● Task requirements: Give the data below again exactly as written, without its pictures.

(Data excerpts)

------------

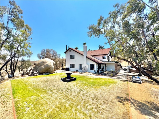 Stunning Spanish-Modern Hillside Retreat in Woodcrest! Experience rural luxury living in this unique two-story home perched on 2 acres with over $125,000 in premium upgrades and unmatched 360° panoramic views of Riverside. A curved rock retaining wall and lighted driveway welcome you to a beautifully landscaped entrance. Enjoy breathtaking sunsets from the 40-ft balcony. Step inside to soaring vaulted natural wood ceilings, custom grey tile flooring, and modern finishes that create a warm and spacious ambiance throughout. The entry level features a formal living and dining area, along with a fully remodeled chef's kitchen featuring a sleek new bar table — ideal for hosting and entertaining. Just off the kitchen, the inviting family room offers a cozy second bar and coffee nook. Upstairs, retreat to three generously sized bedrooms, including a luxurious master suite and a flexible guest room/office overlooking the pool, spa, and hills.Outdoor living shines with a covered patio, retractable sunshades, and serene natural surroundings that offer privacy and relaxation at every turn. A true hidden gem-this property combines modern comfort, timeless design, and breathtaking scenery.
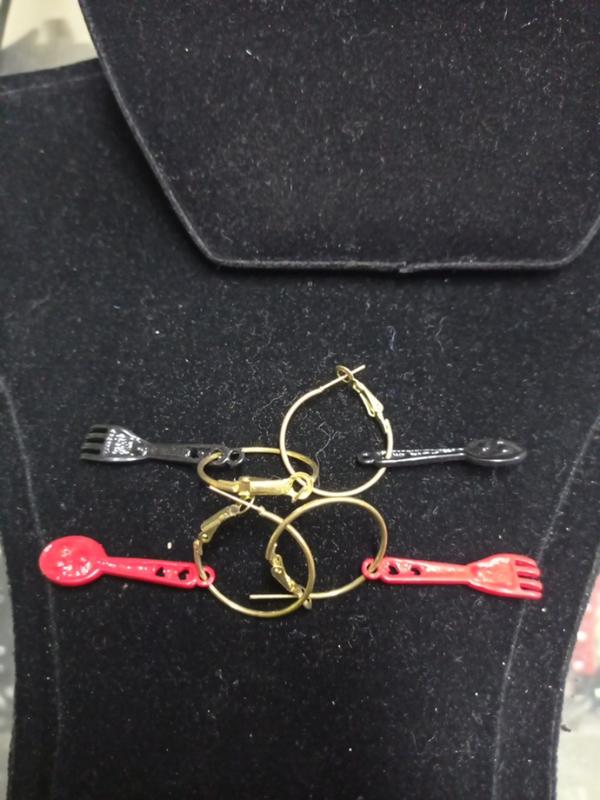 серьги ложки вилки...можно до обеда.красная черная эмаль..камешки..можно отдельно носить кольца..легкие
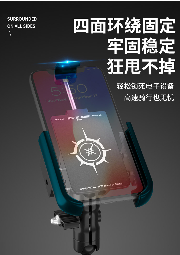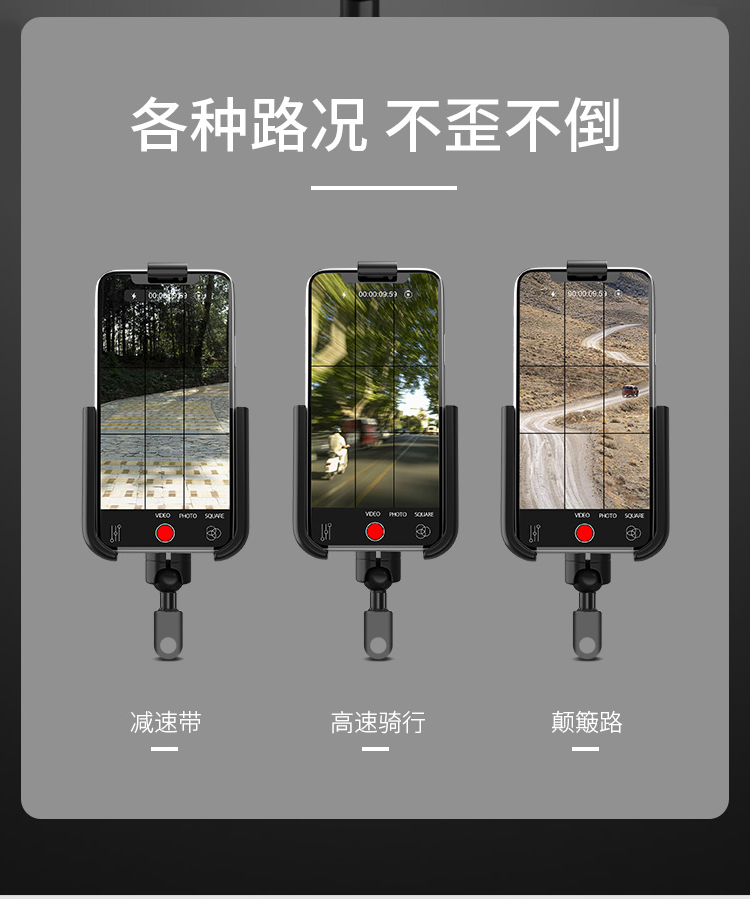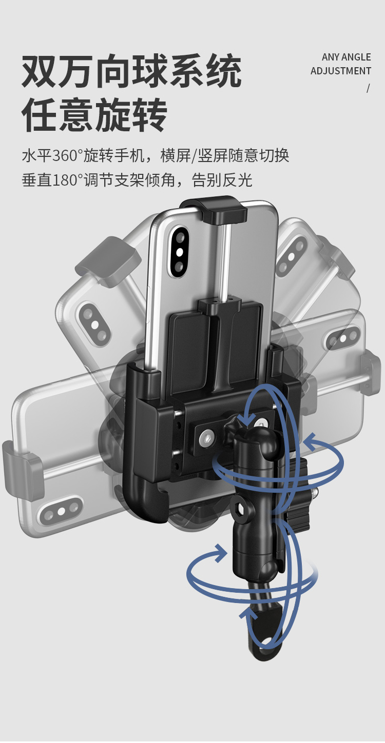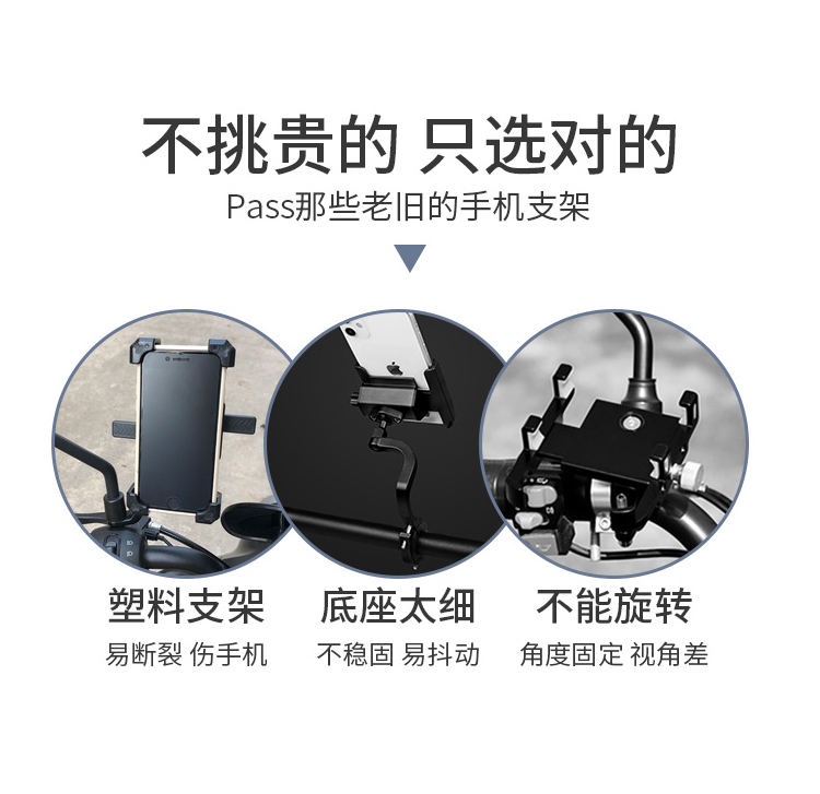 特點:鋁合金架體,高兼容性不挑手機型號,摩托車、電動車等都可使用,四面環(huán)繞固定,夾手機更牢固,快速取放省時省力,雙萬向球旋轉(zhuǎn)系統(tǒng),滿足多場景使用需求。
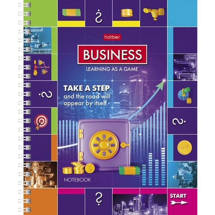 Тетрадь 80 листов в клетку на гребне "Монополия", обложка мелованный картон, блок офсет 65г/м², 4 вида
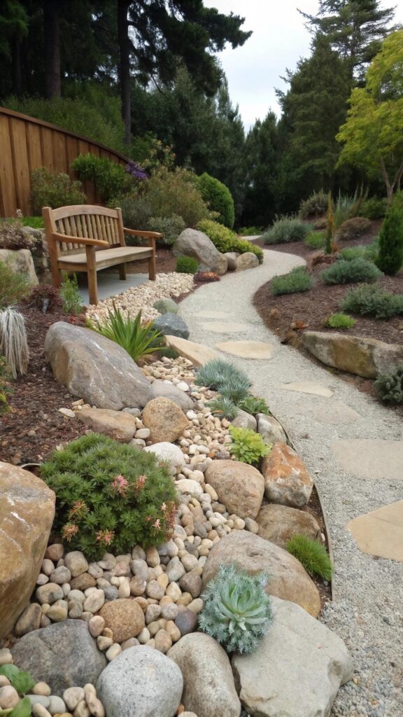 Add a small bench or pathway for access. A rock garden is low-maintenance and visually striking. It’s a great way to add variety to your garden.
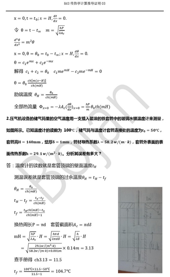大连理工大学843传热学半岛在线注册历年真题汇总分类——计算推导证明(12)

------------

● The answer:
 Stunning Spanish-Modern Hillside Retreat in Woodcrest! Experience rural luxury living in this unique two-story home perched on 2 acres with over $125,000 in premium upgrades and unmatched 360° panoramic views of Riverside. A curved rock retaining wall and lighted driveway welcome you to a beautifully landscaped entrance. Enjoy breathtaking sunsets from the 40-ft balcony. Step inside to soaring vaulted natural wood ceilings, custom grey tile flooring, and modern finishes that create a warm and spacious ambiance throughout. The entry level features a formal living and dining area, along with a fully remodeled chef's kitchen featuring a sleek new bar table — ideal for hosting and entertaining. Just off the kitchen, the inviting family room offers a cozy second bar and coffee nook. Upstairs, retreat to three generously sized bedrooms, including a luxurious master suite and a flexible guest room/office overlooking the pool, spa, and hills.Outdoor living shines with a covered patio, retractable sunshades, and serene natural surroundings that offer privacy and relaxation at every turn. A true hidden gem-this property combines modern comfort, timeless design, and breathtaking scenery.
 серьги ложки вилки...можно до обеда.красная черная эмаль..камешки..можно отдельно носить кольца..легкие
 特點:鋁合金架體,高兼容性不挑手機型號,摩托車、電動車等都可使用,四面環(huán)繞固定,夾手機更牢固,快速取放省時省力,雙萬向球旋轉(zhuǎn)系統(tǒng),滿足多場景使用需求。
 Тетрадь 80 листов в клетку на гребне "Монополия", обложка мелованный картон, блок офсет 65г/м², 4 вида
 Add a small bench or pathway for access. A rock garden is low-maintenance and visually striking. It’s a great way to add variety to your garden.
大连理工大学843传热学半岛在线注册历年真题汇总分类——计算推导证明(12)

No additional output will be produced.